In ruling it concluded:

“The court finds that the City is liable for disability discrimination based on adverse employment action. In May 2003, it maintained several permanent “light duty” assignments and filled the assignment with sworn officers whose disabilities prevented them from performing the otherwise essential functions of a sworn police officer. The City placed Plaintiff into one of these assignments. Although Plaintiff was able to perform the essential functions of this “light duty” assignment, Plaintiff’s supervisors decided to “send him home” after learning, from the City’s worker’s compensation administrator, that he was “100% disabled.” The City’s decision to send him home was an adverse employment action based on discriminatory criteria. At trial, the City failed to prove any legitimate nondiscriminatory basis for terminating his employment, and is therefore liable for discrimination.

“The court also finds that the City is liable for failure to engage in an interactive process or to otherwise accommodate Plaintiff’s disability. After years of workers compensation litigation, the City had extensive knowledge about Plaintiff’s past disabilities. The City’s decision to bring him back to work notwithstanding its pre-existing knowledge of his disabilities was sufficient to shift the burden of proof and require the City to demonstrate that it engaged in meaningful dialogue with Plaintiff and made reasonable accommodations.
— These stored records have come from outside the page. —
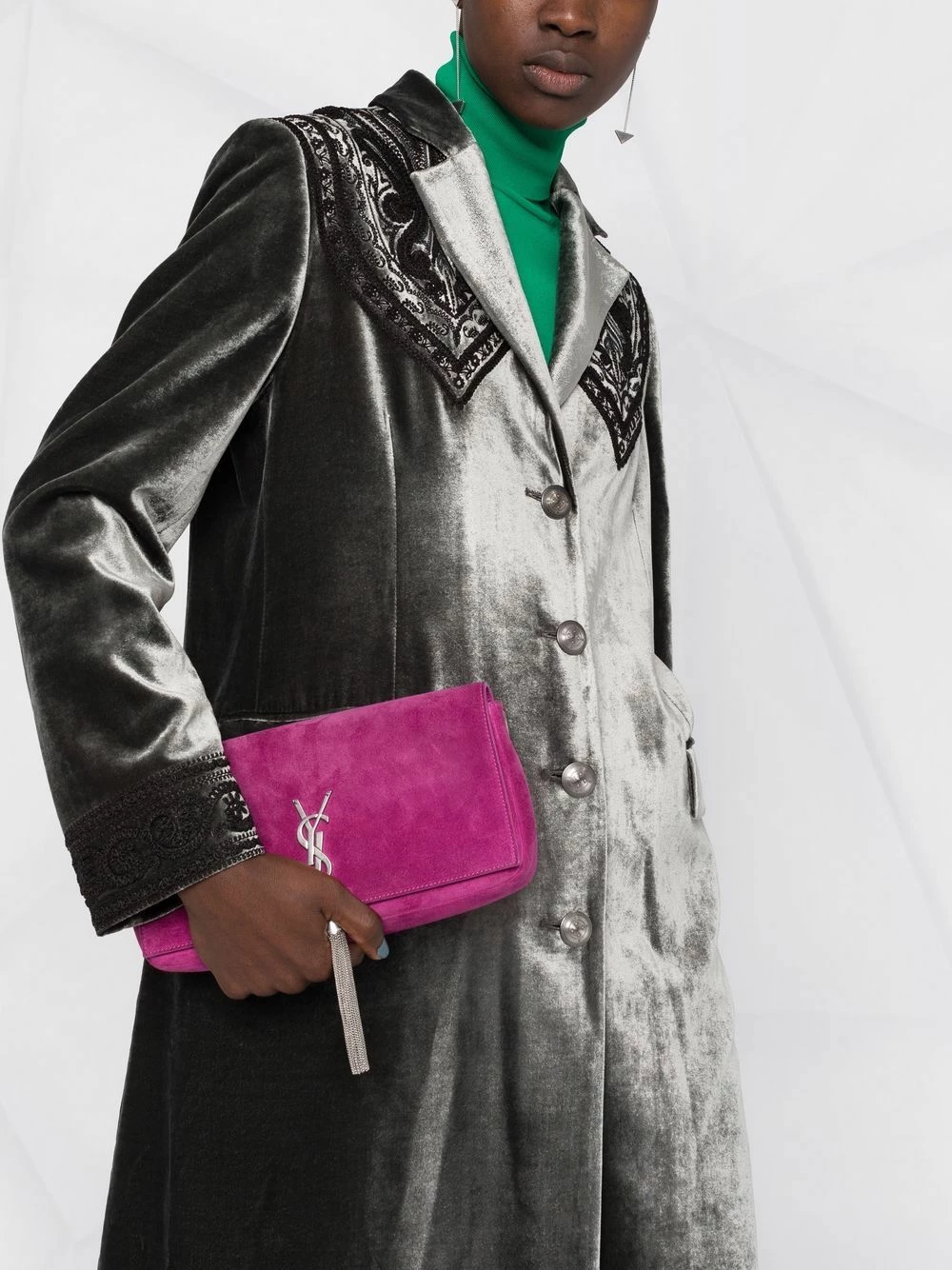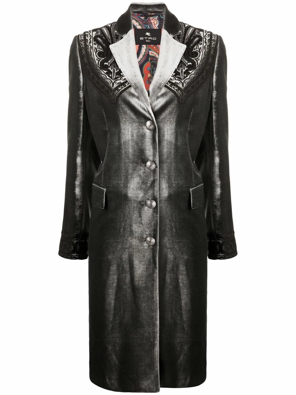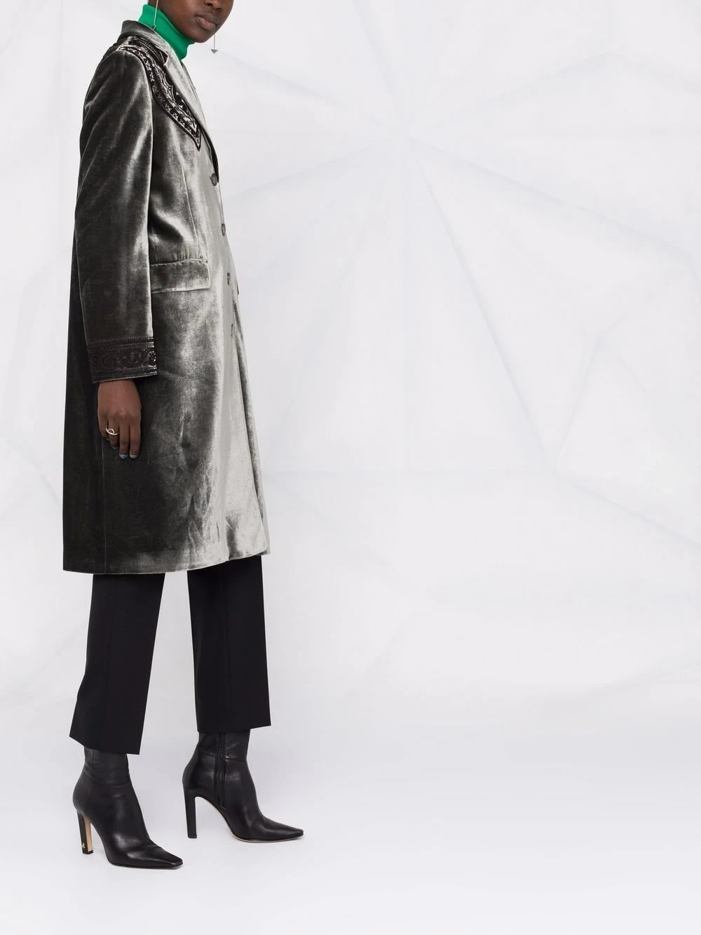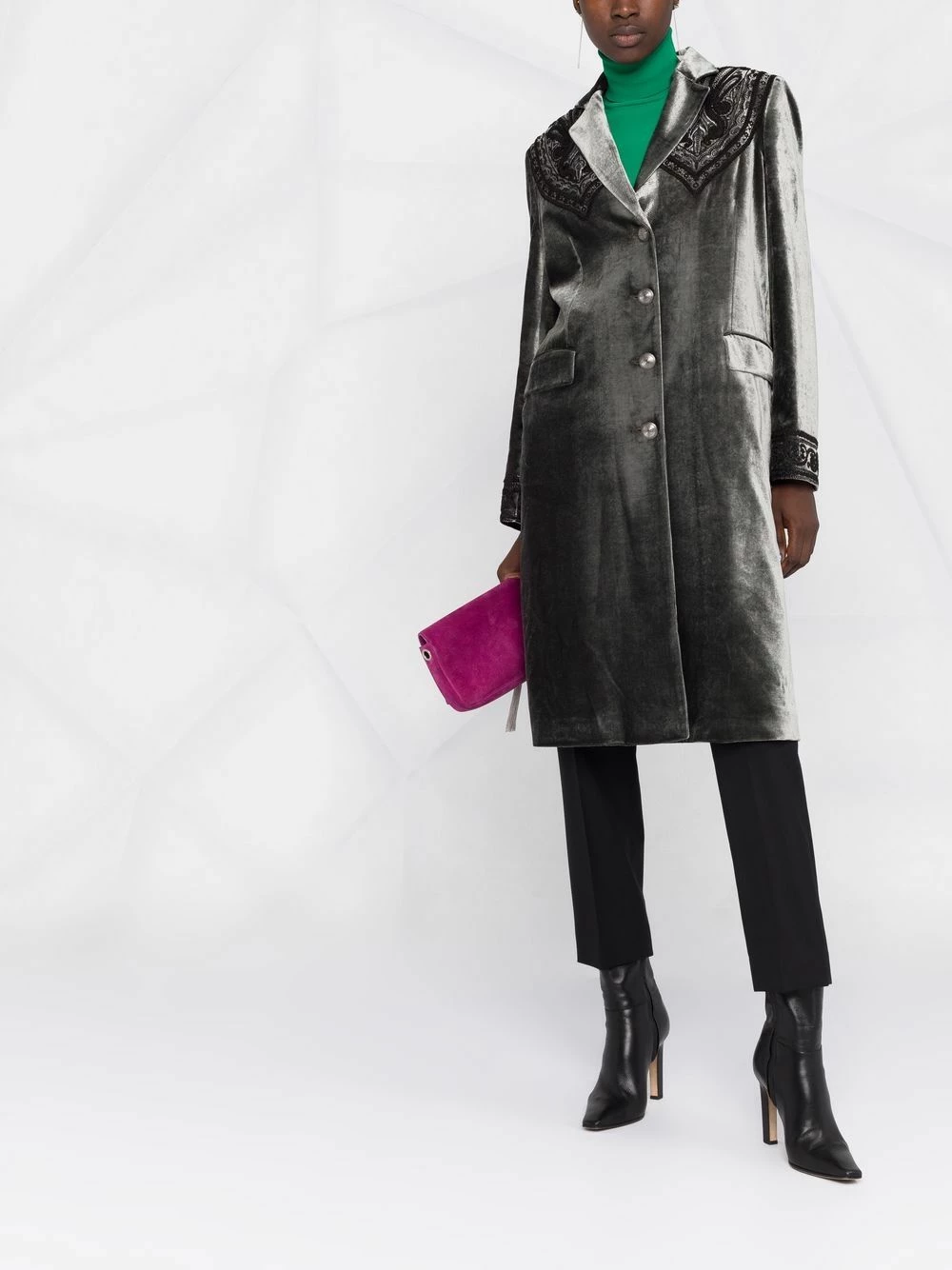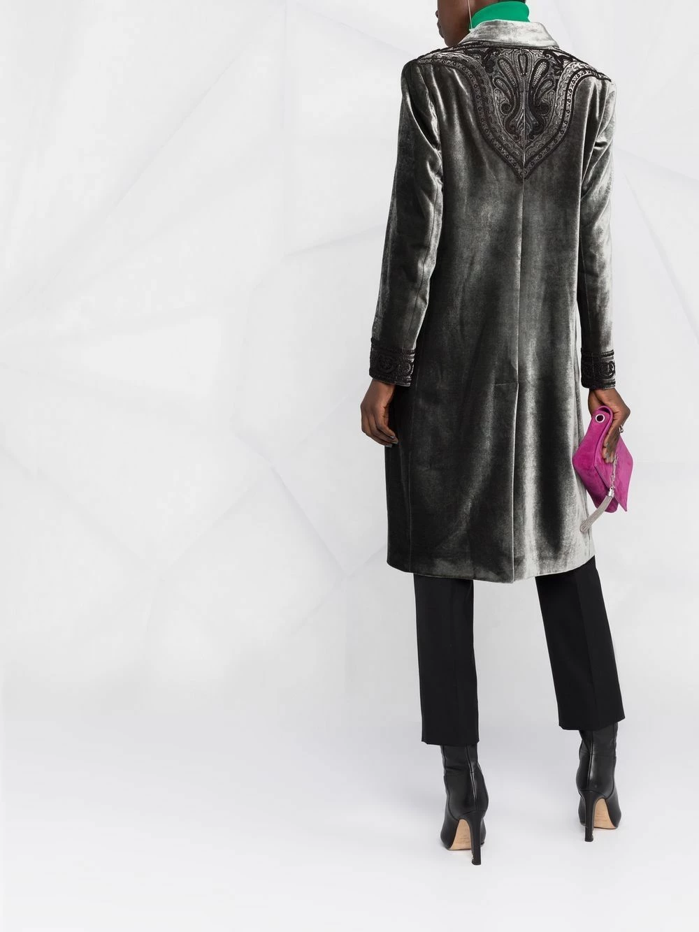 Broderies, boutonnière sur le devant, col cranté, manches longues, coupe longue, ourlet droit. Couleur : gris. Matière : coton.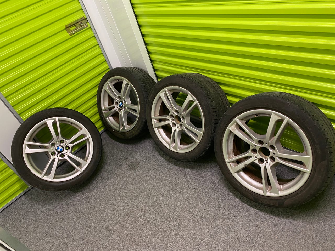 BMW original 19"/8,5" ET38 (2kpl) + 19"/9,5" ET48 (2kpl) vanteet. Made in USA. Suorat ja siistikuntoiset vanteet. Päällä loppuunajetut kumit. Kumeille en laske arvoa, pelkkiä vanteita tässä myydään. Löytyy 4kpl keskimerkkejä..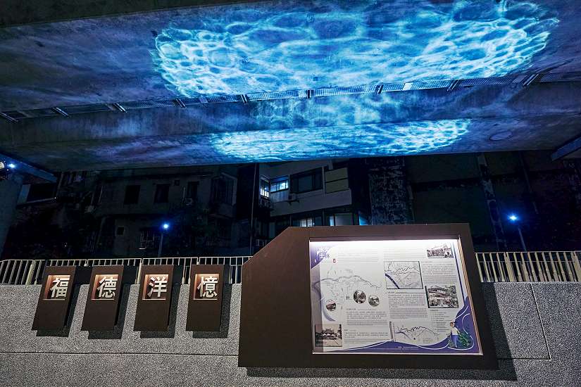 「福德洋憶」跨橋:透過水波紋投影至橋面的光影變化,象徵過去水文士林記憶的重現-圖/台北市政府提供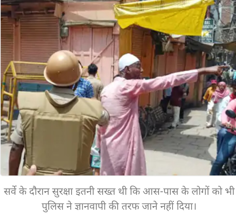 सर्वे के दौरान सुरक्षा इतनी सख्त थी कि आस-पास के लोगों को भी पुलिस ने ज्ञानवापी की तरफ जाने नहीं दिया।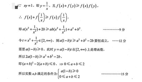21.求实数a,b满足的条件,使得对任意满足xy=l的实数x,y,都有f(x)+f(y))≥f(x)f(y))成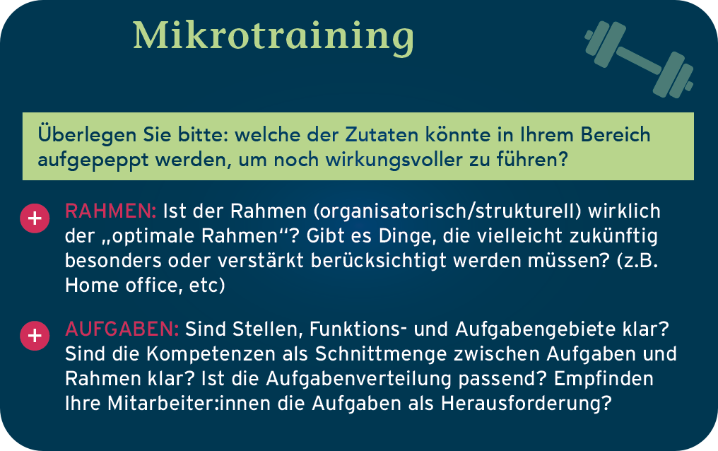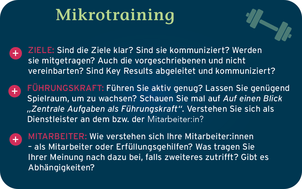 Sie finden hier komprimierte Zusammenfassungen, strukturierende Übersichten und konkrete Impulse, die eine direkte Übertragung in den Führungsalltag ermöglichen und unterschiedliche Arbeitssituationen berücksichtigen.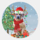 Sticker Rond Rhodesian Ridgeback Chien dans neige cadeau de Noë

Instead of engaging in a dialogue, the City summarily instructed him to leave the workplace and is therefore liable.”

Employer Lesson: Remember, The ADA and often FMLA run concurrently with Work Comp return to work issues. The failure reasonably to accommodate a disability the question is whether the employee can perform the essential functions of the position to which reassignment is sought, rather than the essential functions of the existing position.